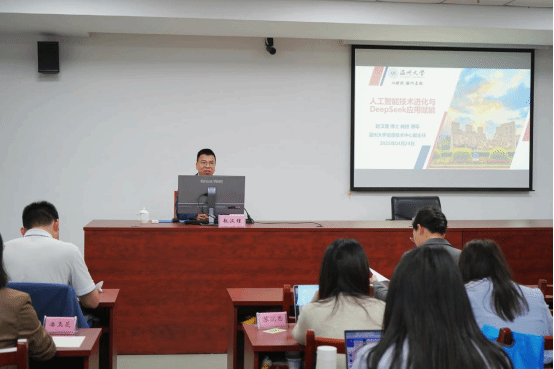 (温州大学信息技术中心副主任赵汉理教授围绕《人工智能技术进化与DeepSeek应用赋能》授课)
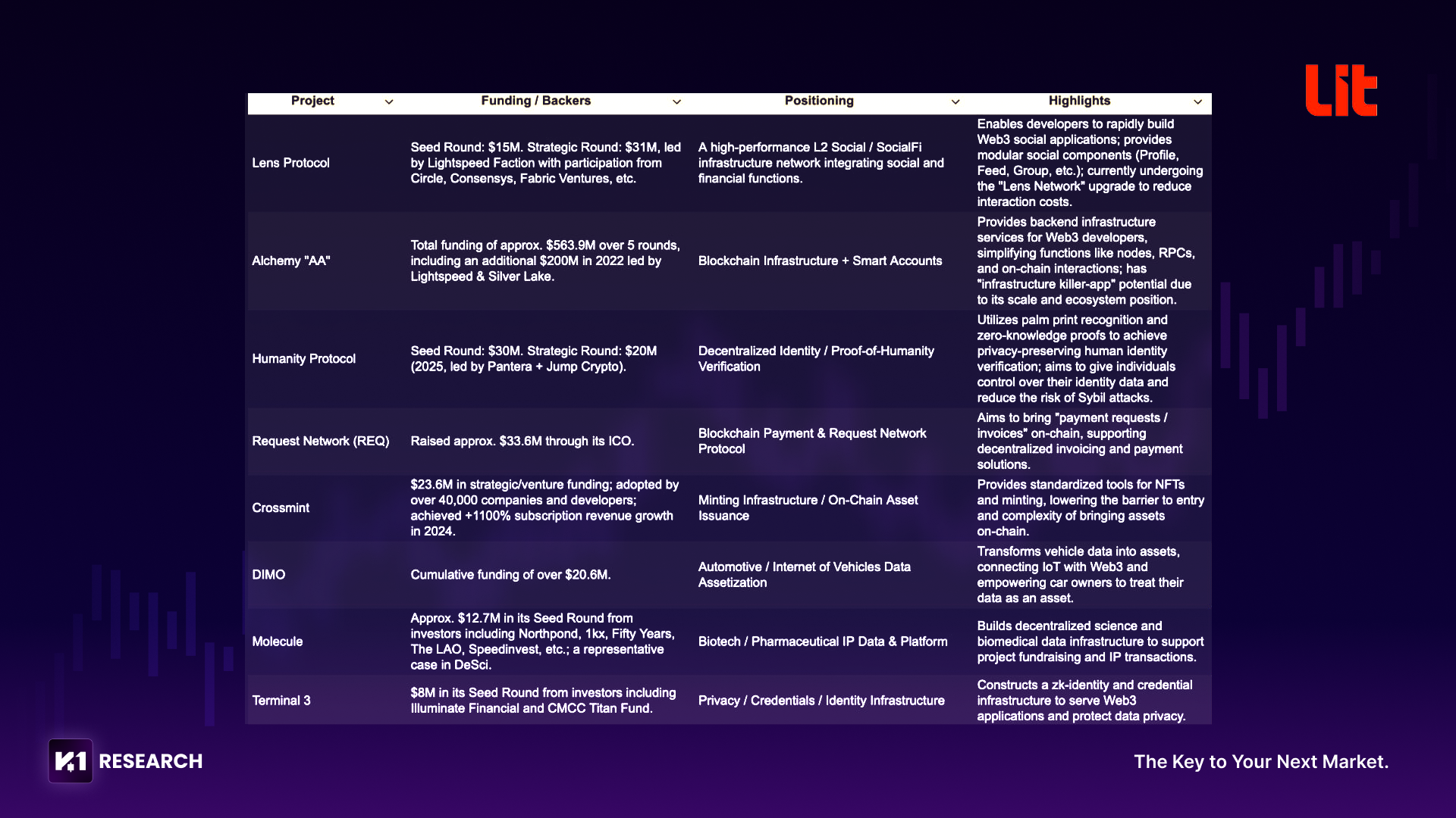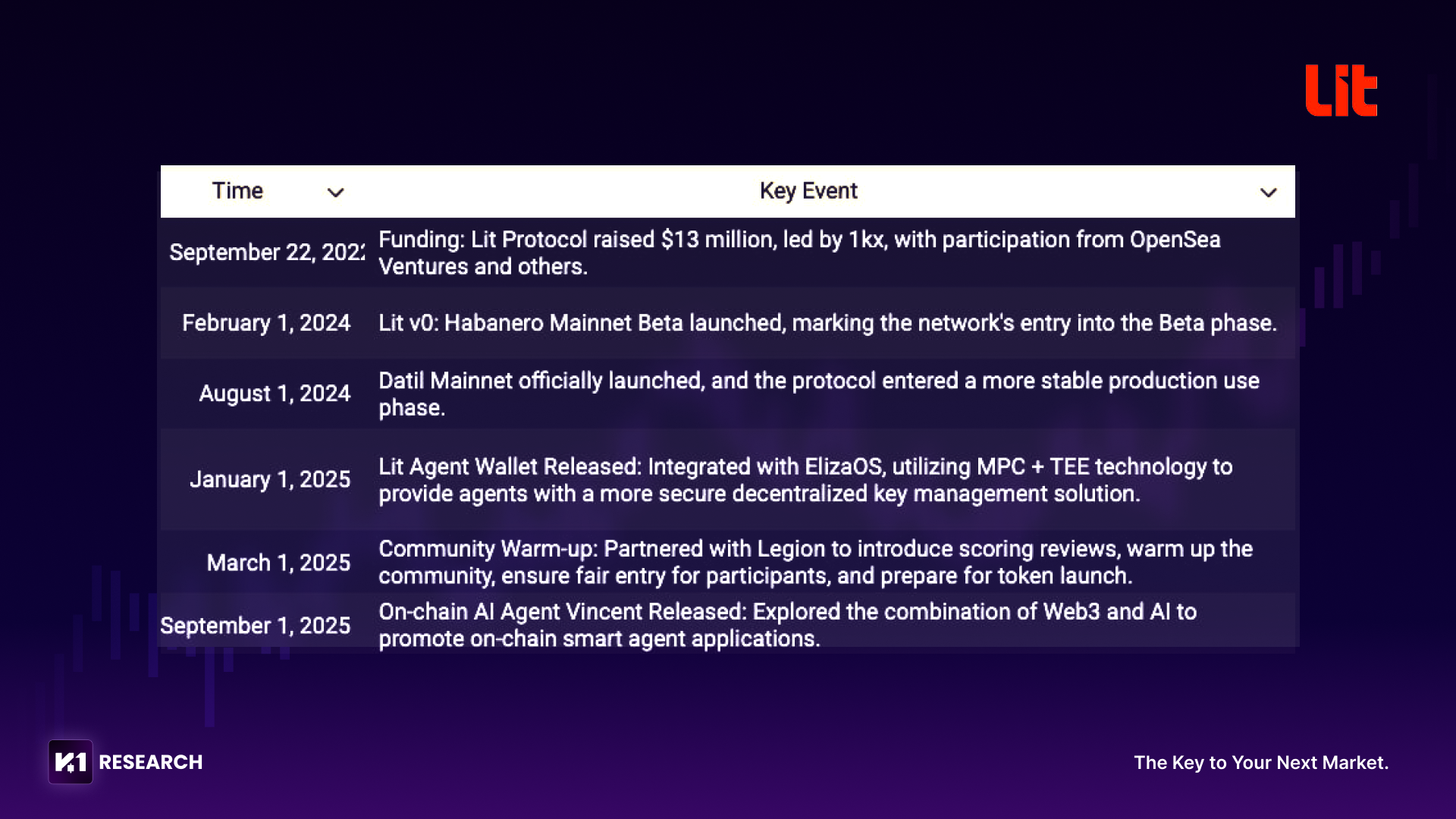 2022년 9월: 1kx 주도 시리즈 A 라운드 1,300만 달러 투자 유치. OpenSea Ventures, Balaji Srinivasan, Stani Kulechov(Aave 창립자), Raj Gokal(Solana 공동 창립자) 참여. 1kx는 탈중앙화 ID 및 Web3 인프라 분야에 장기적으로 투자해온 톱티어 펀드로, Lit Protocol의 기술 로드맵에 강력한 신뢰를 부여. OpenSea Ventures 참여는 NFT 자산 관리와 크로스 애플리케이션 상호운용성 측면에서 Lit의 잠재적 가치를 강조.
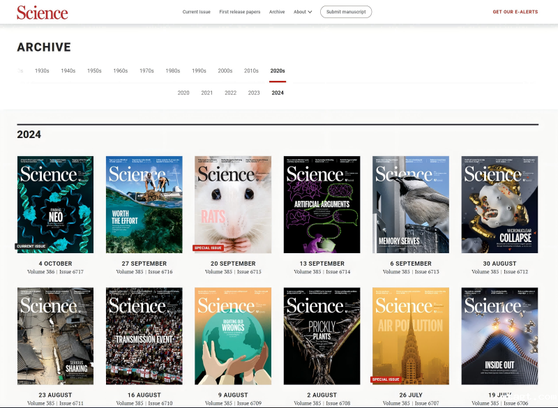 《科学》周刊是Science Online平台最主要的部分,创刊于1880年,是在国际学术界享有盛誉的综合性科学周刊。其关注点为原创性科学研究和科研综述,也出版科学相关的重大新闻、科技政策等,刊载文章涉及涵盖各个学科领域。
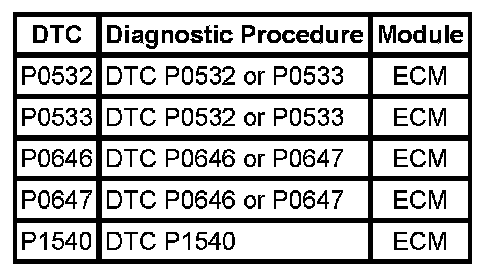 DTCs P0532 - P1540:
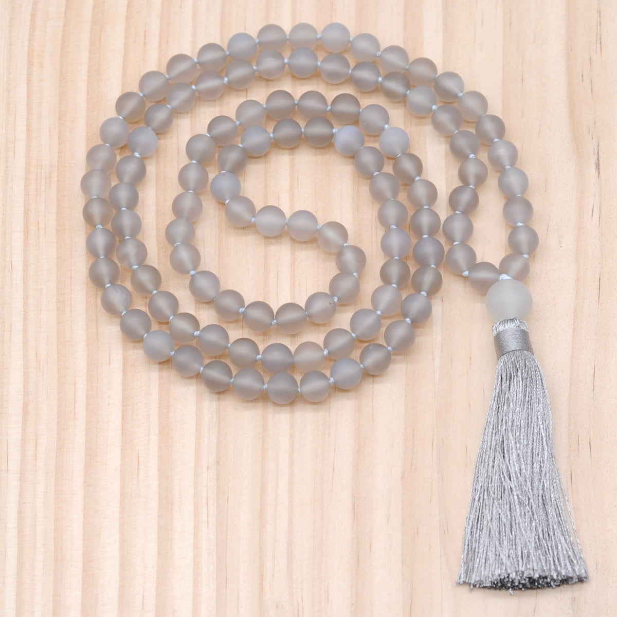 GMN06 Hand-Knotted Matte Grey Agate 108 Beads Mala Necklace
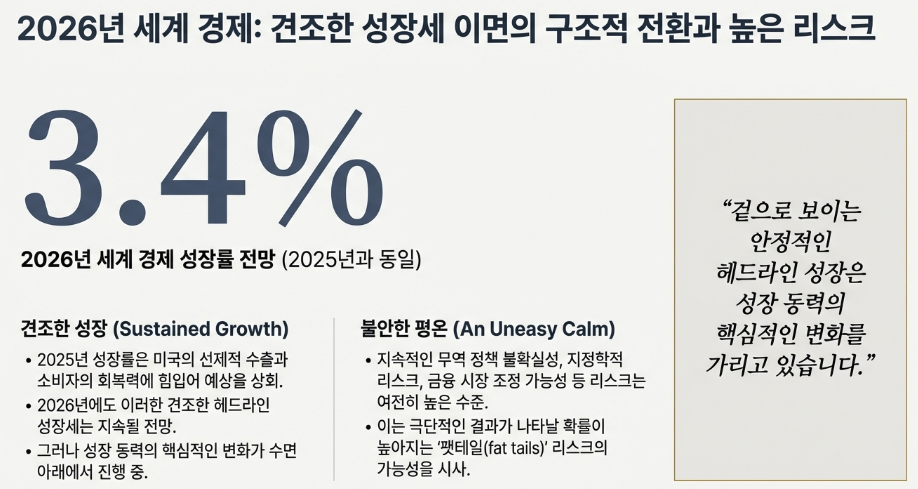 2026년 글로벌 성장률 3.4%는 2025년과 동일하지만, 성장 동력은 근본적으로 달라집니다.
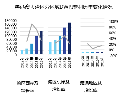 2012年—2016年,粤港澳大湾区东岸的DWPI专利数量多于湾区西岸和港澳地区,其中2016年东岸总量突破16万件,西岸突破12万件;在增长幅度上,湾区东岸和西岸都呈现逐年增长态势,但西岸增长率明显高于东岸,2014年增长率一度超过70%,而港澳地区的DWPI专利相对较少,每年均在2万件以内,2014年出现负增长。

* * * *

● What you need to do
Omit the pictures, then copy out all the data exactly as it stands.

● Solution to this problem
 (温州大学信息技术中心副主任赵汉理教授围绕《人工智能技术进化与DeepSeek应用赋能》授课)
 2022년 9월: 1kx 주도 시리즈 A 라운드 1,300만 달러 투자 유치. OpenSea Ventures, Balaji Srinivasan, Stani Kulechov(Aave 창립자), Raj Gokal(Solana 공동 창립자) 참여. 1kx는 탈중앙화 ID 및 Web3 인프라 분야에 장기적으로 투자해온 톱티어 펀드로, Lit Protocol의 기술 로드맵에 강력한 신뢰를 부여. OpenSea Ventures 참여는 NFT 자산 관리와 크로스 애플리케이션 상호운용성 측면에서 Lit의 잠재적 가치를 강조.
 《科学》周刊是Science Online平台最主要的部分,创刊于1880年,是在国际学术界享有盛誉的综合性科学周刊。其关注点为原创性科学研究和科研综述,也出版科学相关的重大新闻、科技政策等,刊载文章涉及涵盖各个学科领域。
 DTCs P0532 - P1540:
 GMN06 Hand-Knotted Matte Grey Agate 108 Beads Mala Necklace
 2026년 글로벌 성장률 3.4%는 2025년과 동일하지만, 성장 동력은 근본적으로 달라집니다.
 2012年—2016年,粤港澳大湾区东岸的DWPI专利数量多于湾区西岸和港澳地区,其中2016年东岸总量突破16万件,西岸突破12万件;在增长幅度上,湾区东岸和西岸都呈现逐年增长态势,但西岸增长率明显高于东岸,2014年增长率一度超过70%,而港澳地区的DWPI专利相对较少,每年均在2万件以内,2014年出现负增长。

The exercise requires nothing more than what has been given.